三菱ガス化学が事業再編を加速する狙い
三菱ガス化学は子会社の統合など事業再編を加速する。完全子会社の日本ユピカ(東京都千代田区)と日本ファインケム(同)を統合する検討を始めた。ホルマリン事業に関しては、販売に関する一部事業を完全子会社のMGCウッドケム(WCM、東京都千代田区)に移管することを決めた。三菱ガス化学グループとして効率的な経営体制の構築や相乗効果の創出などを狙う。
日本ユピカと日本ファインケムの統合については、時期を含めて検討する。
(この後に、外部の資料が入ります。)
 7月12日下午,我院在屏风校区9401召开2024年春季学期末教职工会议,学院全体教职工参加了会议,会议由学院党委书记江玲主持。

日本ファインケムの坂出工場(香川県坂出市)で日本ユピカ製品を生産するといった生産面での有効活用を想定する。三菱ガス化学は3月末に、東洋紡が保有する日本ユピカの株式を取得して完全子会社化しており、事業改革に向けた下地を整えてきた。
ホルマリン事業では、ホルマリン、ホルマロール、ホルマリン安定剤の販売に関する事業について段階を経て2024年4月にはWCMに移管する予定。合理化によって事業の収益改善を図る考え。
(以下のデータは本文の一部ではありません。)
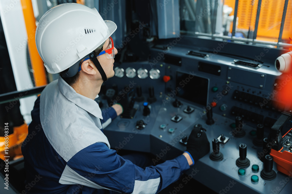 Samolepka Young caucasian male operating mining machinery in industrial control room

三菱ガス化学は関係会社の再編などを通じて、事業環境の変化に対応した経営基盤の強化に取り組む方針だ。その一環として4月には三菱エンジニアリングプラスチックス(東京都港区)の株式を追加取得し、連結子会社化。三菱エンプラをポリカーボネート樹脂に特化した会社とし、高付加価値化を進めて差別化する考え。ポリアセタール樹脂事業などについては、子会社のグローバルポリアセタール(東京都港区)に統合した。
藤井政志社長が「事業ポートフォリオの改革は順調に進んでいる」と話すように、23年度を最終年度とする中期経営計画で自己資本利益率(ROE)9%以上(22年度は8・3%)などの目標達成がみえてきた。今後は合理化で生み出した経営資源をより半導体材料などの成長分野に振り向けられるかが経営基盤の一層の強化のカギになりそうだ。